CRITICAL AGE = 200 | CRITICAL AGE = 500 |
Amyloid plaque growth is simulated on a three-dimensional lattice by a cellular automaton model which is based on aggregation and disaggregation processes held in dynamic equilibrium by a feedback mechanism which at each evolution step corrects the disaggregation probability such that the total number of particles is on average conserved over time. Additional parameter is surface diffusion D which is modeled by the number of steps that an individual particle is allowed to move towards a more populated neighborhood.
There are two different species in the simulation: the particle can be either of species A or B. The interaction between A and B is such that a particle A turns into a particle B when it reaches a critical age A. Particle B dies when it reaches a critical age B.
In our simulation the initial condition at T=0 is a small 3D sphere with R = 3 pixels of species A (N_A = 123, N_B = 0) on a cubic lattice with the size 256 x 256 x 256. The particles aggregate with a probability P_agg = 0.05. The initial disaggregation probability, P_dis(T = 0) = 0.01. During the simulation the disaggregation probability is adjusted on each simulation time step so that the total number of particles, N_A + N_B, is on average conserved over time. Particles A have no surface diffusion (D_A = 0). When a particle A reaches the critical age A, T_CA (in our simulation we have chosen T_CA = 100, 200 and 300, respectively), it turns into a particle B. The critical age B is chosen to be bigger than the total simulation time. The aggregation and disaggregation probabilities of the species B are at least 6 orders of magnitude smaller than for the species A. Species B has a surface diffusion, D_B = 10. The time dependences of the number of particles of each species and their sum are plotted in FIG-1.

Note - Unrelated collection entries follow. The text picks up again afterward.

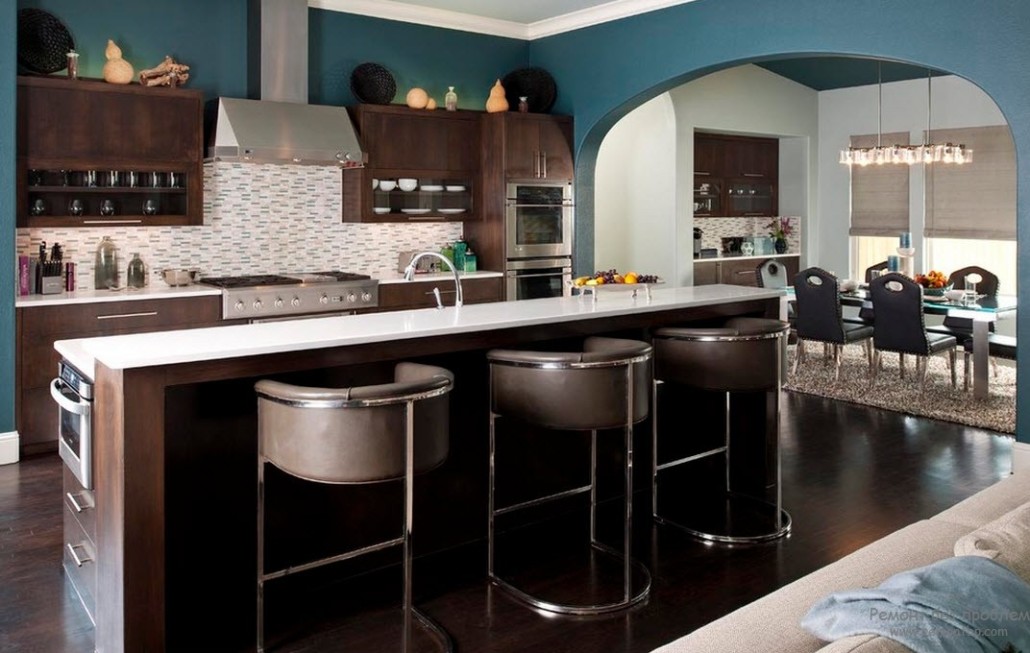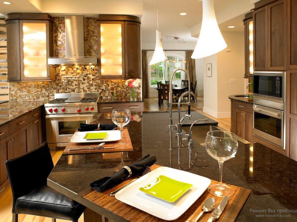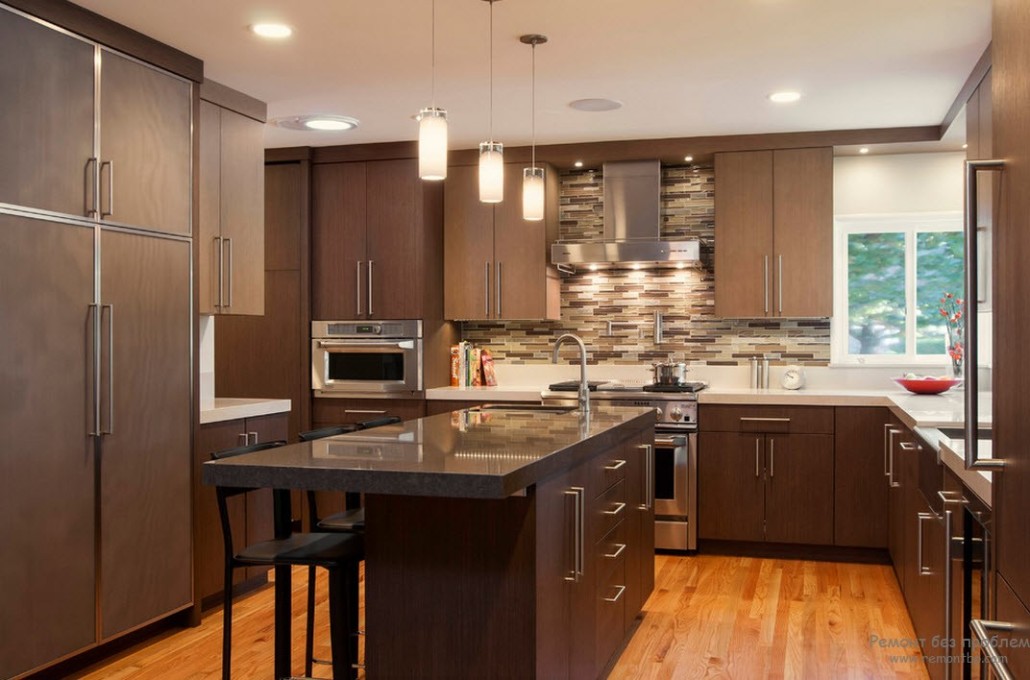 коричневый цвет во всем. А в кухни, он смотрится тепло и уютно. Если говорить
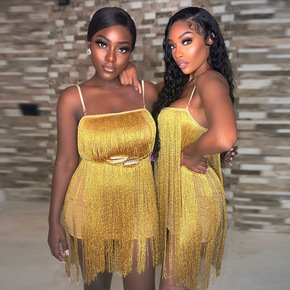 2022欧美外贸亮片抹胸挂肩铅笔裙性感弹力夜店连衣...
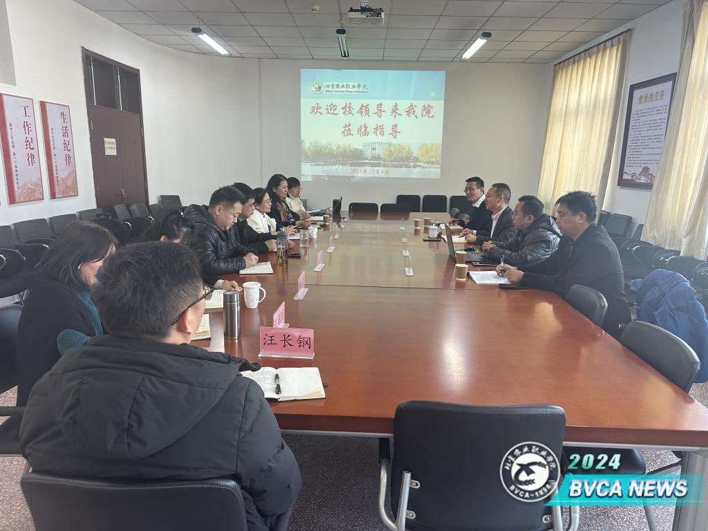 動物科技學院黨總支書記劉洪超、院長周珍輝就學院機構設置、師資隊伍、教學管理、學生管理、實訓基地、雙高專業群申報等工作進行了詳細匯報。與會人員圍繞“新雙高”建設、科研服務等方面進行了深入交流。
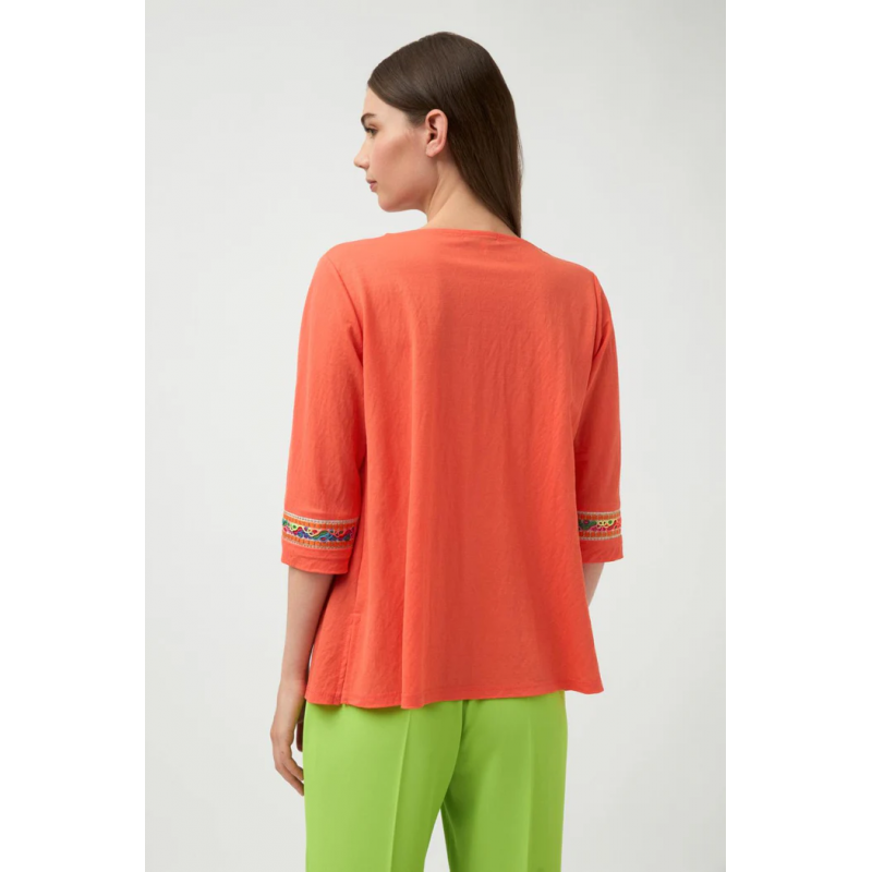 Chaqueta lisa de punto fino para mujer.Cuello pico con cierre frontal de dos botones. Diseño recto. Manga francesa con detalle de bordado en contraste. Bajo recto.
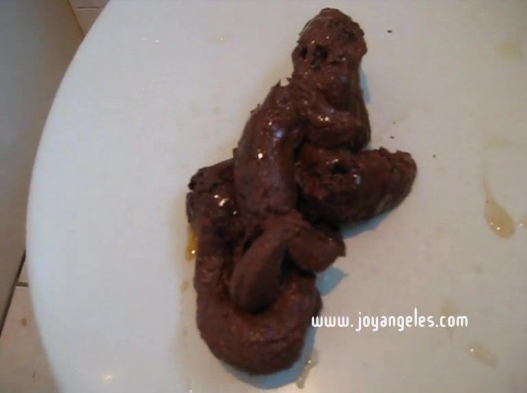 Chubby babe is peeing and she's pooping a lot on toilet seat.
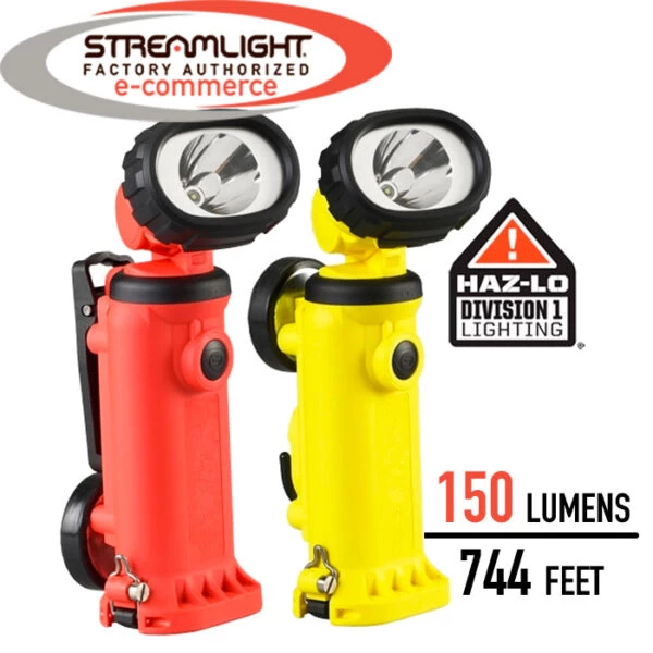 What’s included: Streamlight Knucklehead® HAZ-LO® Spot light, choice of hanging hook (yellow) or rear clip (orange), choice of rechargeable battery (with or without charger) or AA batteries; all models also include AA battery carrier
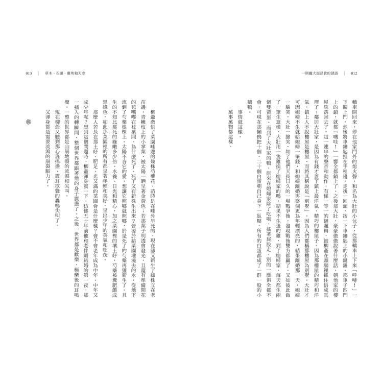 這些故事直視荒唐並詰問生命與時間,寫盡家庭與婚姻的熬煉、金錢的誘惑、權力的迷霧、愛與不愛的殘酷;亦寫下人們為生存所做的最後一點祈求,或最後的反抗。閱讀這部冷冽卻深情的小說集,不只走進小鎮,也走進閻連科的信念深處:小說之所以存在,是為了讓我們感受那些不曾被言說、卻無比真切的生命震動。
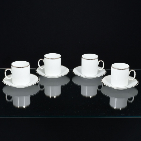 • PORCELANA, quatro (4) xícaras para café, tonalidade branca, arremate com friso prateado, modelo MEDAILLON, manufatura RENNER (Porto Alegre, RS, fundada em 1942; em 1998 foi vendida para a Vista Alegre de Portugal; em 1999 mudou a razão social para Vista Alegre do Brasil), sinais de uso, vide foto.
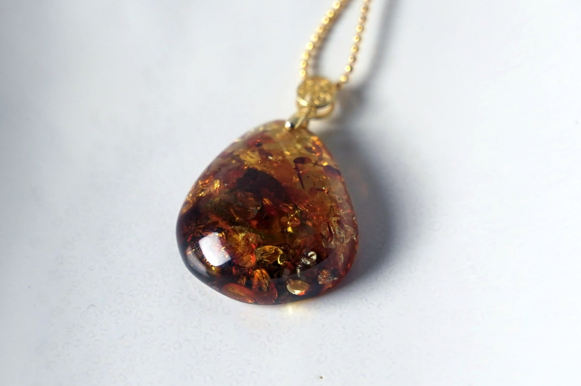 Burmese Amber Pendant – Natural Golden Resin Gemstone
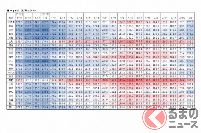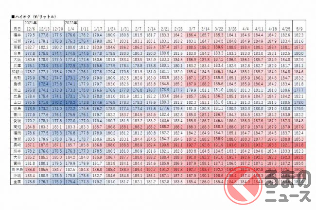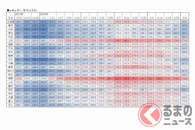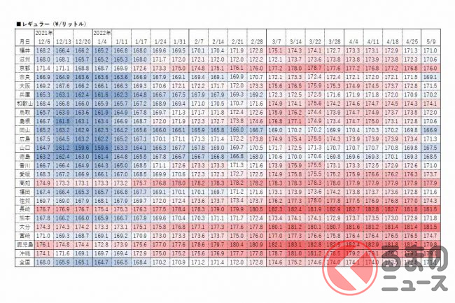 資源エネルギー庁は2022年5月11日、レギュラーガソリンの5月9日時点の店頭価格(消費税込)を発表しました。
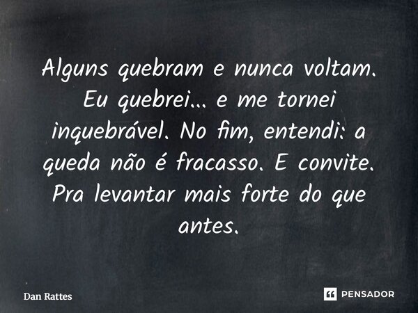 Alguns quebram e nunca voltam. Eu quebrei... e me tornei inquebrável. No fim, entendi: a queda não é fracasso. E convite. Pra levantar mais forte do que antes.
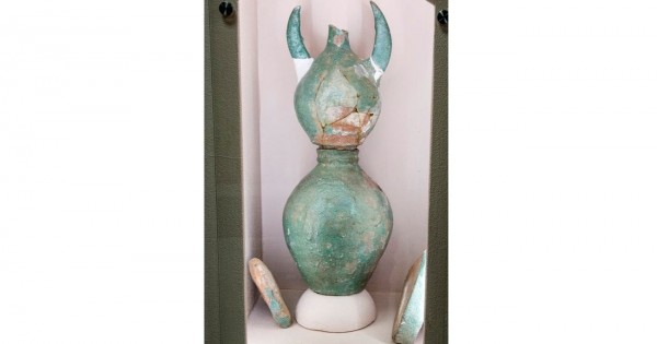«قۇببانىڭ سىرتىنا كوگىلدىر گلازۋر جىلتىراق جالاتىلعان. كۇمبەزدىڭ توبەسىندەگى ويىققا ءبىر ءىزدى سىزىق ارقىلى ورتاسىنا اعاش وزەكشە كيگىزىلىپ, وزەكشەنى مىقتى ۇستاپ تۇرۋى ءۇشىن ىشىنە «الەباستر» ەرىتىندىسى تولتىرىلعان. وكىنىشكە قاراي, قۇببانىڭ ەڭ جوعارعى بولىگى جوعالعان. ال ەڭ تومەنگى بولىگى كۇمبەزدىڭ وزەكشە وتەتىن ويىعىن جاباتىن توڭكەرىلگەن توستاعان تۇرىندە بولعان. ونىڭ ۇستىنە ءتۇبى جوق ء«مۇيىزدى» ىدىسقا ۇقسايتىن, تومەنگى تار جانە جىڭىشكە تارتىلعان مويىنى بار دوڭگەلەك دەنەلى ىدىس كيىلەدى. وعان كيىلەتىن ۇستىڭگى بولشەگىندە ەكى جاعىنان ء«مۇيىزدىڭ» جوعارى يىلگەن ءىزىنىڭ قالدىعى ساقتالعان. ال ەڭ جوعارعى جارتى اي ەكى ءمۇيىز بەينەسىندە اشەكەيلەنگەن», دەپ سۋرەتتەيدى جادىگەردىڭ سيپاتىن مۋزەي ديرەكتورى باقتيار قوجاحمەتوۆ.
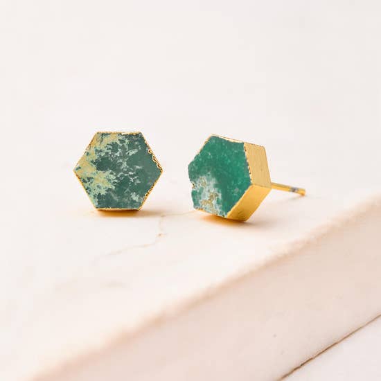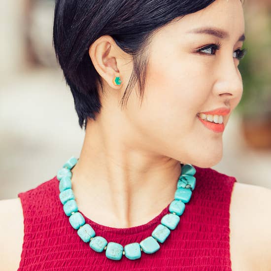 These geometric studs with genuine turquoise stones are classic, tasteful, and will add a cheerful pop of color to any outfit. Natural stones may vary in color and size.

The time evolution of the deposit morphology is shown in FIG-2 for three different realizations of the model. In all three cases we see (1) how the deposit grows from the initial small "seed" and (2) how the deposit transforms from species A conformation (blue particles) to species B conformation (red particles). Both, the final and intermediate stages of the deposit's morphology depend on the critical age A T_CA. In all cases the red particles start to appear at the center of the deposit. However, only for the critical age A T_CA = 100 we find a solid core of species B at the center of the deposit. For T_CA = 200 and 300, the red particles clump into smaller blobs inside the still predominantly blue deposit. The final stage of the deposit that is entirely composed of the conformation B is more solid for T_CA = 100, and is gets progressively more porous for larger T_CA.